Recommendations for Team Members on Raising their Return to Office Concerns and Needs

  1. Be honest about your big challenges and fears - first with yourself, then with your manager. Check in with yourself to understand your own feelings and possible anxiety, and then find strategies to tackle it. As Ron Carucci mentions in this mid-pandemic article about return to the office, "[t]o whatever degree you feel concerned about returning to work — regardless of your inclination to hide or broadcast it — pay close attention." Is it your physical health? Is it managing caregiving responsibilities or logistics outside of work? Now is the time for a candid conversation, so be honest with yourself.

  2. Reflect on how you've been most productive and able to meet your work priorities - both before and during the pandemic. Talk about that, and you'll be making a strong case for having your needs met. During the pandemic many businesses were able to create accessible solutions for their workforce. If those solutions were key to your pandemic productivity, talk about it, and how it's going to continue your effectiveness going forward, too.

  3. What are your return to office must haves, and your nice to haves? We've been hearing about employees hoping for various kinds of amenities for returning to the office, from parking allowances, or a relaxed dress code, in addition to continuing a partial work from home schedule. When you're having a conversation with your manager, highlight your greatest needs, and how accommodating those needs makes you more productive and better able to do your work.

  4. What you can do to ease a transition into hybrid. If where you work is less the issue than when you work, establish clarity on timing and how you can be reached. A shared spreadsheet like this one can go a long way to communicating your availability to your manager and colleagues.

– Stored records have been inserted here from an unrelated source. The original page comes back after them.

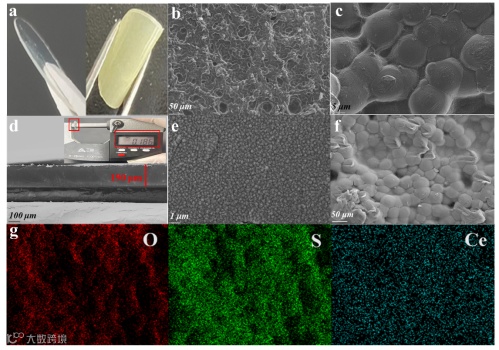 图2. 聚合物复合电解质的形貌图及表面EDS元素分析
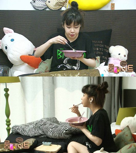 '룸메이트' 박봄이 빵에 이어 떡만둣국을 폭풍 흡입하는 모습을 선보여 웃음을 자아낸다.
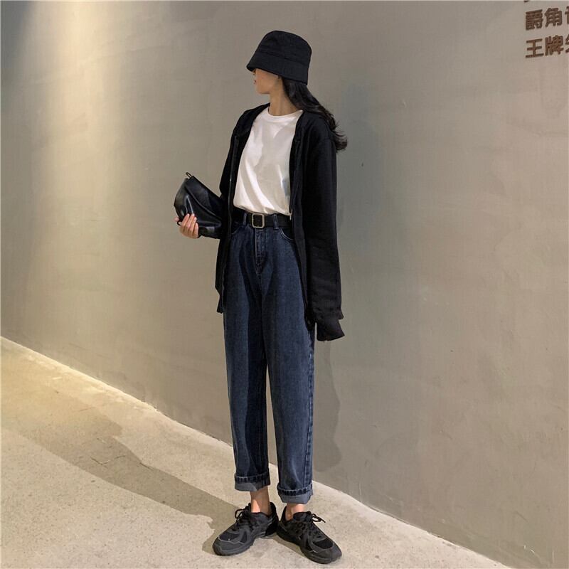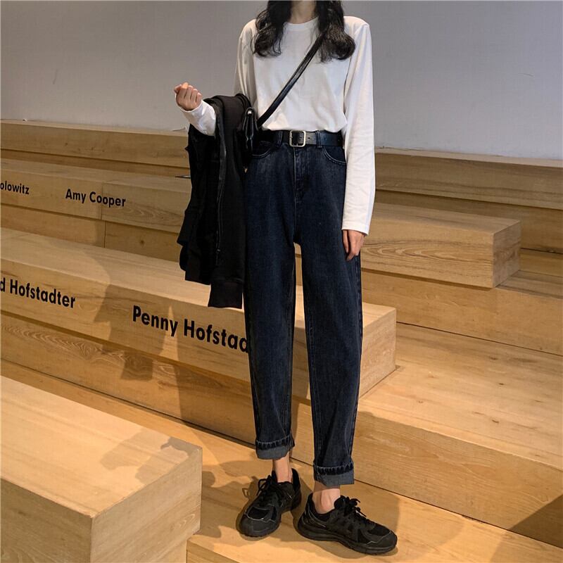初秋ジーンズレディース2020新しいスモールスタイルハイウエストルーズスリムレトロカジュアルストレートクロップドパンツ クレセントシティ32341747708
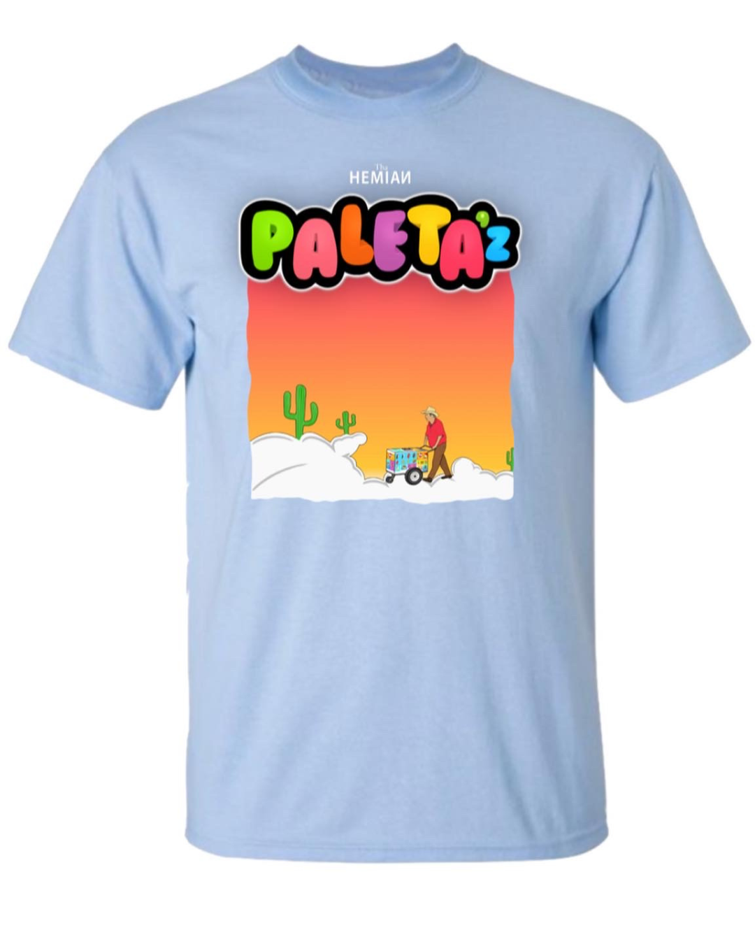 Inspired by the tradition of the paletero. Set against a dreamy landscape of clouds and cacti.

  5. It's not the new normal, it's the next normal. Embrace, to the extent that we all can, flexibility, patience, and that this is what's next, not what's forever. A willingness to test out a new approach, check in on how effective the model is, and make adjustments, while being frank and honest, will support you and your manager. If this feels particularly high-stakes for you, identifying what your return to office goals are (and knowing what you'll agree to as a bottom line) and writing it down first can help.


The Takeaway about Psychological Safety
When we build a better workplace where individuals feel psychologically safe — safe to share with managers the challenges they're facing as they navigate a return to the office in the face of the deeply intertwined nature of one's work and personal life - we're lifting a burden that allows our teams to focus on the work they're here to do - whether it's at home or in the office.